As part of the Amoco management system of control of all things great and small, each of its masters was required to be in close and frequent contact with company headquarters in Chicago. The effect of the sustained heavy weather encountered by the AMOCO CADIZ, culminating in a particularly severe storm as the vessel approached Ushant, was that most of the spare hydraulic fluid had been used.

Steering control failed, and the master, Capt. Bardari, radioed Chicago for permission (Amoco policy denied him the authority to do this without head office approval) to call for salvage tugs.

At first, and for some time, Chicago declined to grant permission to Capt. Bardari to do so, since this would probably entail his signing a Lloyd’s Open Form of salvage agreement. Surely a less expensive solution could be found.

Eventually, head office in Chicago relented, and allowed Capt. Bardari, poor soul, to call for assistance.

The stormy weather continued,  and his emergency call was answered by only a few salvors, one of which was a famous company called Bugsier.

More time was lost haggling over the potentially costly Open Form. The Bugsier tug, appropriately named Samson, arrived too late, and Amoco Cadiz was driven on the rocks of the Breton coast. The oil that spilled onto the French beaches and oyster beds, among other resources, resulted in very large damages against Amoco. A less expensive solution could not be found.

A noteworthy result of the Amoco Cadiz disaster was an extensive revision of the SOLAS Convention.
What has not, however, been done from 1979 to the present time, either in national or international law, is to deal with the disastrous effect of a business model that, particularly at some large companies, has tended to put cost controllers in policy-making positions.  This was true, at the time, at Amoco.

Such a man was Lord John Browne.

In contrast to the new management of Exxon, after the Exxon Valdez allision, (1989) which adopted pervasive, and effective, quality and safety management policies, John Browne was a ferocious cost-cutter who reined in spending across the board, including safety.

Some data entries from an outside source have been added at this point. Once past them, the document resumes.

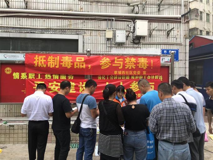 为提高全民“识毒、防毒、拒毒”的能力。2018年11月01日下午,由水河街道平安建设部牵头组织草埔西社区工作站在草埔西社区联合开展了一场以 “抵制毒品,参与禁毒”为主题的禁毒宣传活动。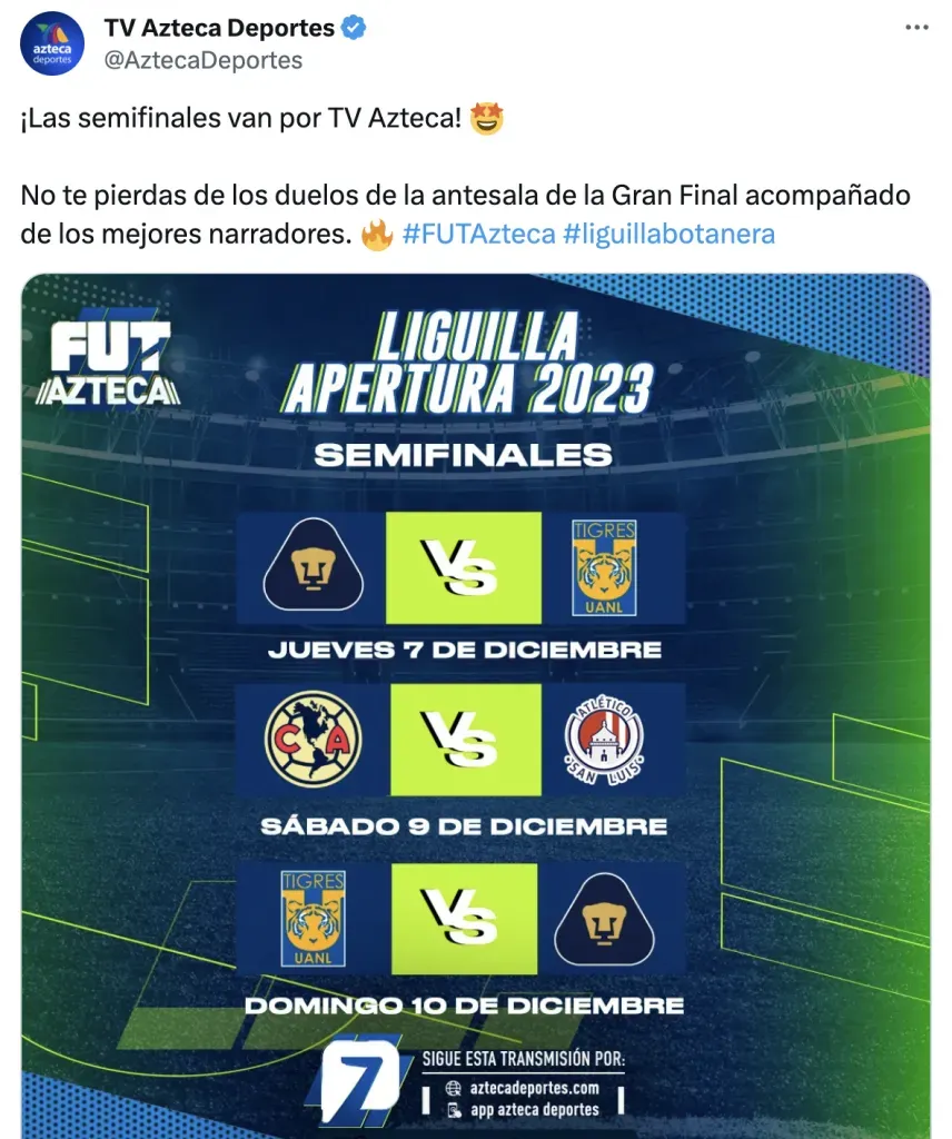 La televisora del Ajusco anunció oficialmente que de los cuatro partidos de semifinales (ida y vuelta) tendrá tres de ellos, siendo la ida del San Luis y América el único que no tendrán, ya que irá por exclusiva por ESPN y Star+.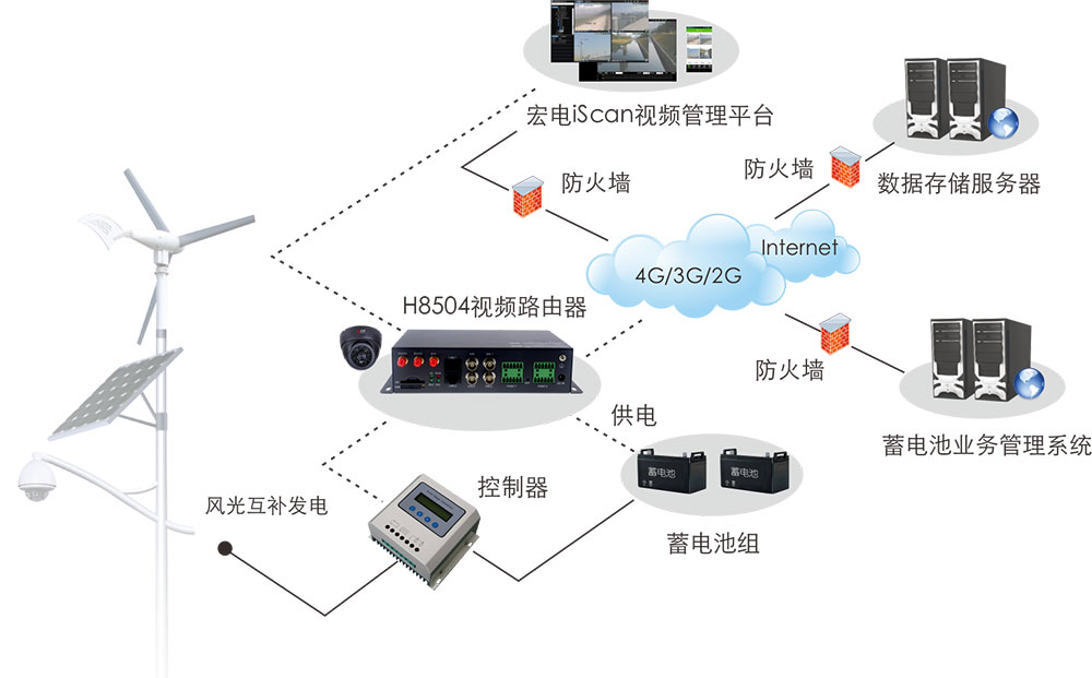 風(fēng)光互補(bǔ)監(jiān)控系統(tǒng)由風(fēng)力發(fā)電機(jī)、太陽能電池板、攝像頭、宏電視頻路由器VTU H8504、控制器、蓄電池組、宏電視頻云管理平臺(tái)組成,通過宏電視頻路由器將森林場(chǎng)景監(jiān)控畫面通過4G高速網(wǎng)絡(luò)實(shí)時(shí)傳輸?shù)椒阑鸨O(jiān)控中心以及宏電視頻云管理平臺(tái),實(shí)現(xiàn)防火人員在室內(nèi)對(duì)野外的遠(yuǎn)距離集中監(jiān)控。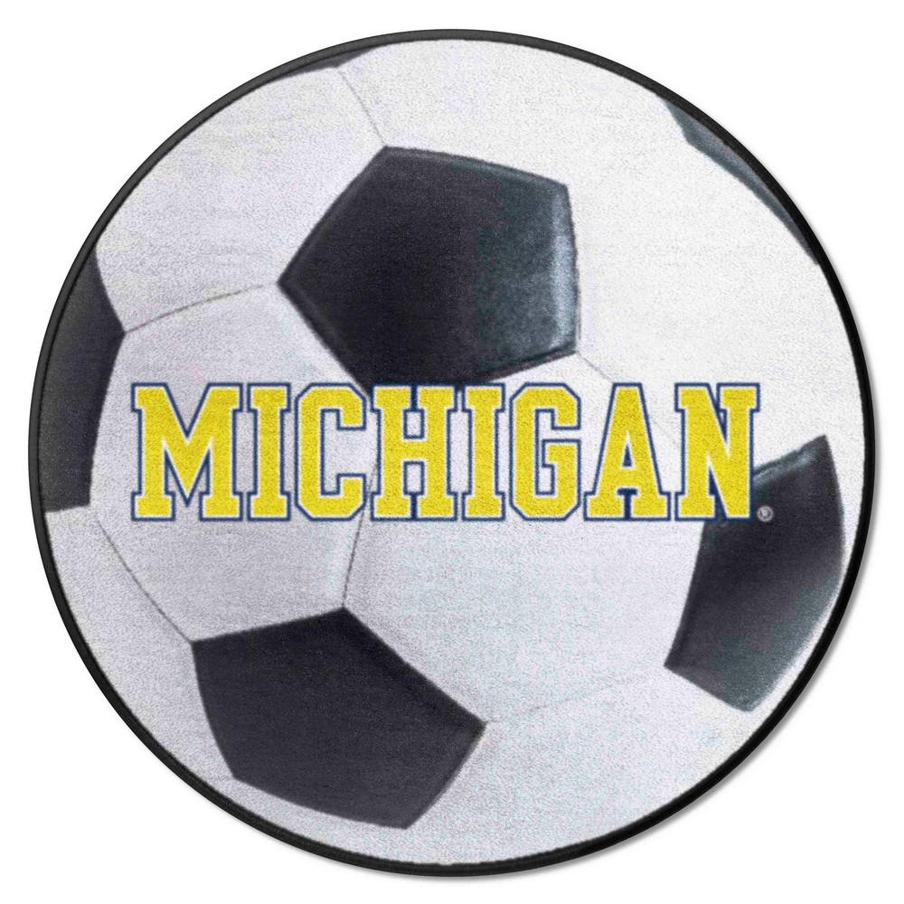 | Michigan Wolverines Soccer Ball Rug - 27in. Diameter 9 Ounce, 100 % Nylon Face Recycled vinyl backing for a durable and longer-lasting product Machine made and tufted in the USA Non-skid backing with taped borders for added durability Machine washable; vacuum regularly and spot clean for any easy and quick clean Officially licensed and chromojet-printed in true team colors for vibrant, lasting color University of Michigan in Michigan |

So has his successor and protege, Mr. Hayward. Despite the lash of outrageous circumstances: the Prudhoe Bay pipeline leak, the Texas City explosion, and about 760 safety violations in its refineries, cited by the U. S. Occupational Safety and Health Administration between 2007 and 2010, the corporate culture, despite all the “green” advertising, resisted effective awareness of the extraordinary risks that were being run.

Not so Exxon, now Exxon Mobil. Shortly after the Exxon Valdez spill in Prince William Sound, Alaska, Exxon’s board of directors met, and fired the CEO. It then convened a committee of senior executives, and instructed them to create and institutionalise a pervasive system of safety awareness and management within all of Exxon’s plants and other assets, including ships and rigs. Exxon Mobil now has an outstanding safety record.

This kind of cultural change requires leadership by example. If deepsea drilling is to be resumed, as I think it must, then a way to do it safely and competently will have to be found. All of the oil companies, and their suppliers and contractors must be forced to abandon hardheaded “cowboy” cultural attitudes toward safety and the environment.

There is definitely a need for federal legislation that defines and requires certificated safety management programmes; the Exxon Mobil system would provide an excellent model. A structure of outside audits will be a necessary requirement. The Institute of London Underwriters could provide useful advice.  A safety management and risk control system that delivers value, and is not “bolt-on” window dressing, requires the active engagement of senior officers of the company, and freedom from a “one size fits all” budgetary corset.

Much in the manner of Sarbanes-Oxley, there must be explicit accountability for safety awareness, and the company’s management system, from top to bottom within the company, from the “C” suite to the wellhead.

The key element is of course government enforcement; yes, another layer of bureaucracy is now inevitable! The Exxon Mobils, who will voluntarily change their safety culture, are not universal phenomena; without laws that compel compliance,the cowboys and the beancounters will continue to make their own rules, and life will be risky for those pensioners.